How to complete this task: The records below are to be transcribed exactly from their first line to the line that has "Our handcrafted foil", inclusive, with every picture omitted.

===== Data provided =====

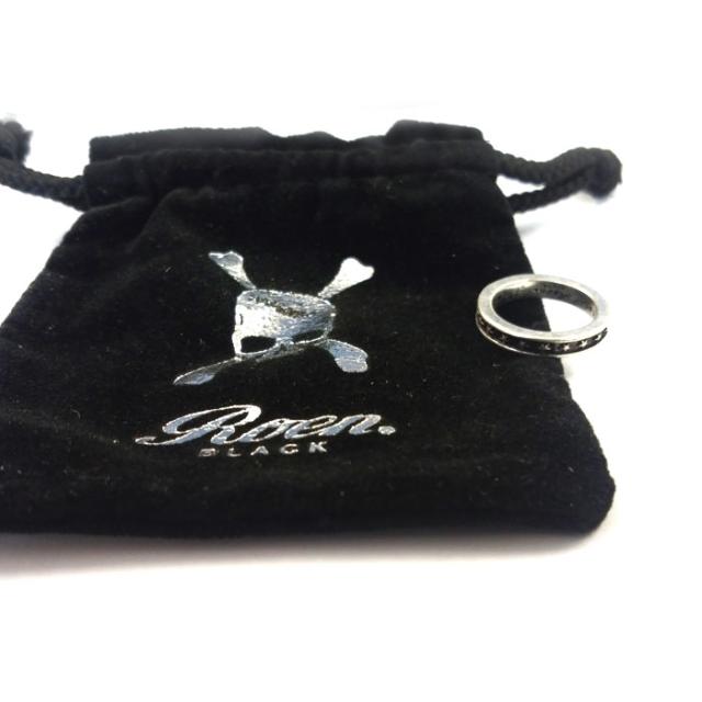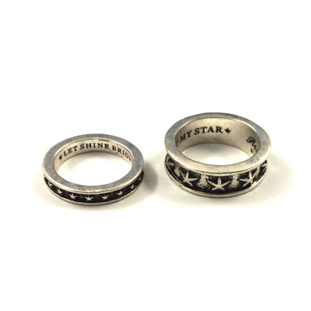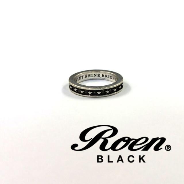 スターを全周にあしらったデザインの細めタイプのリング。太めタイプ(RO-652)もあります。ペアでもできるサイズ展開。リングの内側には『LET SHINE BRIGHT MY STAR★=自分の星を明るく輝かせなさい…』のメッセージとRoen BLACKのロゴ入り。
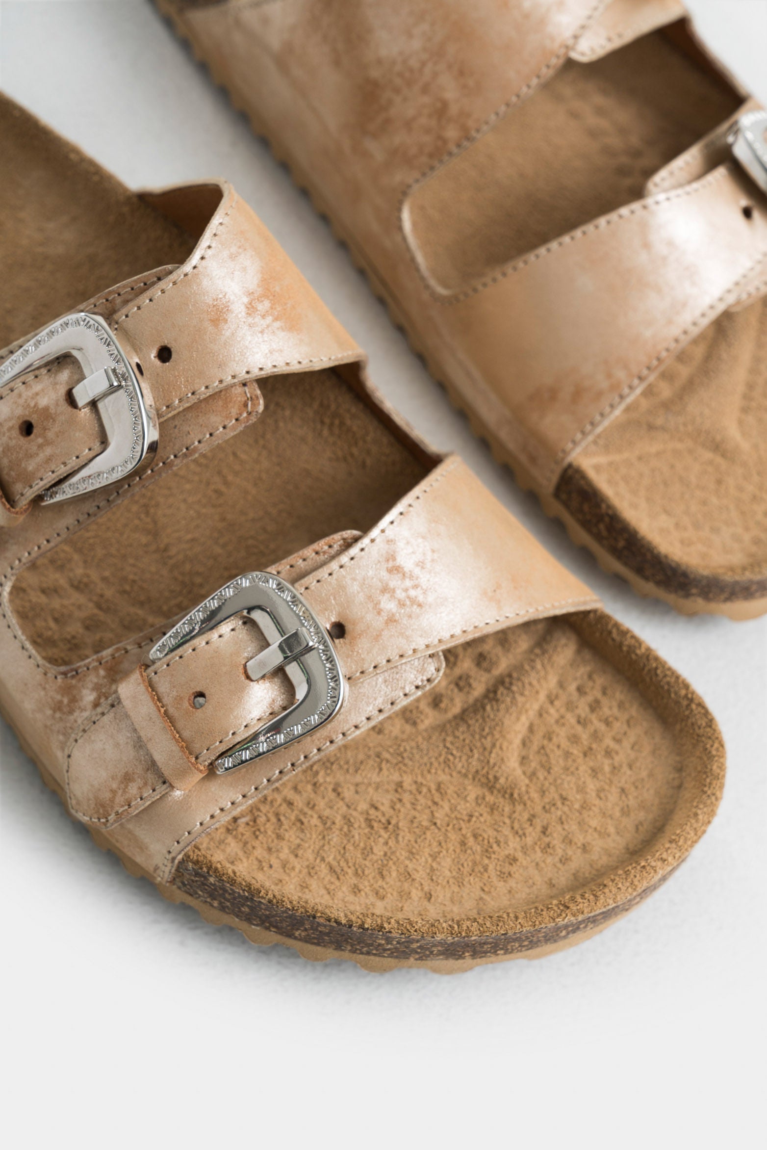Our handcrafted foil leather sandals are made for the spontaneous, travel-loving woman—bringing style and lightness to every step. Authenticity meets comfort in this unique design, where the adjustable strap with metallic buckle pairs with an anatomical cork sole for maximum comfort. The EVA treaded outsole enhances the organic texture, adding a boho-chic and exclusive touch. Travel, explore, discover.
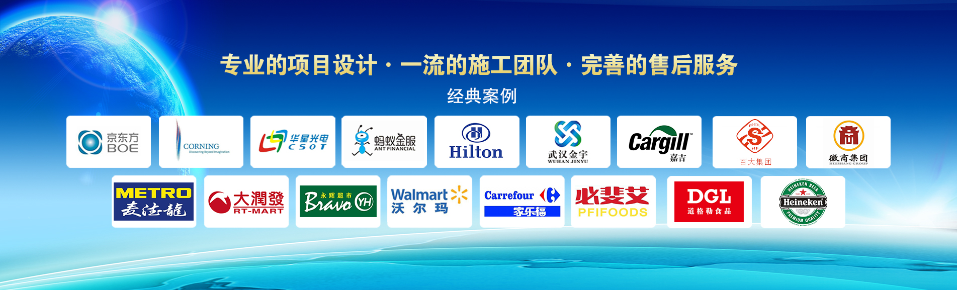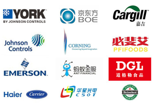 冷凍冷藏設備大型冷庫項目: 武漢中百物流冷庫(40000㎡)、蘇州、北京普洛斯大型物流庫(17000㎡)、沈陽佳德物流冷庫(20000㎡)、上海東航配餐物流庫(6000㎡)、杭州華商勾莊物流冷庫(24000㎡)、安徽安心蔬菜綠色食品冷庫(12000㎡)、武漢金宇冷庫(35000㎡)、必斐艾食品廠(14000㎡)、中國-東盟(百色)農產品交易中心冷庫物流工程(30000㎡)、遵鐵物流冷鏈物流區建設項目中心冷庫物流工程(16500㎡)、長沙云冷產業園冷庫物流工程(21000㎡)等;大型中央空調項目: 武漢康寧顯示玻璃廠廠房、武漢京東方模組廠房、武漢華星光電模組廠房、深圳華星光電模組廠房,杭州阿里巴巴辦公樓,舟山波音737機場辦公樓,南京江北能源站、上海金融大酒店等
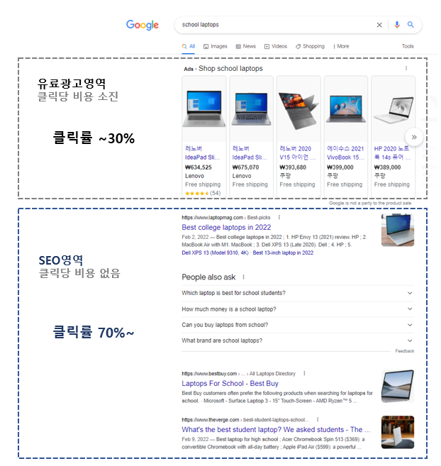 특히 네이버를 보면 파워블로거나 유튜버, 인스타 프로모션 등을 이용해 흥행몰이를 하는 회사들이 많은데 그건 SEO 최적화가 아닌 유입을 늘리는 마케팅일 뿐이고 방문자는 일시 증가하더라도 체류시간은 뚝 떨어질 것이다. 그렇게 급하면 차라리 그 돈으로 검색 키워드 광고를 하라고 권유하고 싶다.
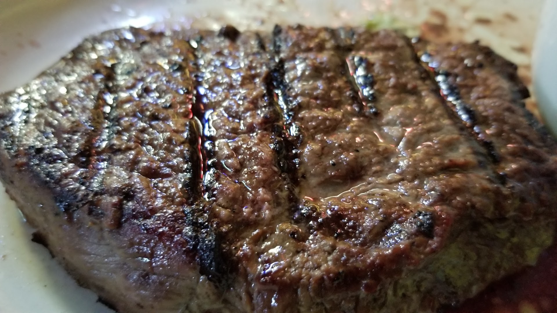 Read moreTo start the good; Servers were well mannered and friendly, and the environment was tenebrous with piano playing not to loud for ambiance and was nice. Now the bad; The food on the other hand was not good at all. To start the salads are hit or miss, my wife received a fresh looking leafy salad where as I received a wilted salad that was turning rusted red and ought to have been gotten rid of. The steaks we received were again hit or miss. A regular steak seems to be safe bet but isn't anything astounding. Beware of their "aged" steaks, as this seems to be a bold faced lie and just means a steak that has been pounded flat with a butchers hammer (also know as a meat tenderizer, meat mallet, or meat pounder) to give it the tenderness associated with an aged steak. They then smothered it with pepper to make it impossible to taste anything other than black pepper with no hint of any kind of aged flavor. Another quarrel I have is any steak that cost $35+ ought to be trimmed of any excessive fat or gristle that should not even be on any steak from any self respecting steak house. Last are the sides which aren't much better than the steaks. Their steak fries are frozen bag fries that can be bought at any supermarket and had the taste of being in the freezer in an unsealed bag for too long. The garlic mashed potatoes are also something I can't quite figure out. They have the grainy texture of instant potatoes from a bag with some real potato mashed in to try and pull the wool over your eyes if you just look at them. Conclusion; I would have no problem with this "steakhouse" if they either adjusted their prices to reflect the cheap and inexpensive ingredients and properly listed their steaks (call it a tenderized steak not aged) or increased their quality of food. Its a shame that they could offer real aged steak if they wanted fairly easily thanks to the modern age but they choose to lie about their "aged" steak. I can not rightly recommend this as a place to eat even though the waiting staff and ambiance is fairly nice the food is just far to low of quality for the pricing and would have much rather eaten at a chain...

=====

Answer box:
 スターを全周にあしらったデザインの細めタイプのリング。太めタイプ(RO-652)もあります。ペアでもできるサイズ展開。リングの内側には『LET SHINE BRIGHT MY STAR★=自分の星を明るく輝かせなさい…』のメッセージとRoen BLACKのロゴ入り。
Our handcrafted foil leather sandals are made for the spontaneous, travel-loving woman—bringing style and lightness to every step. Authenticity meets comfort in this unique design, where the adjustable strap with metallic buckle pairs with an anatomical cork sole for maximum comfort. The EVA treaded outsole enhances the organic texture, adding a boho-chic and exclusive touch. Travel, explore, discover.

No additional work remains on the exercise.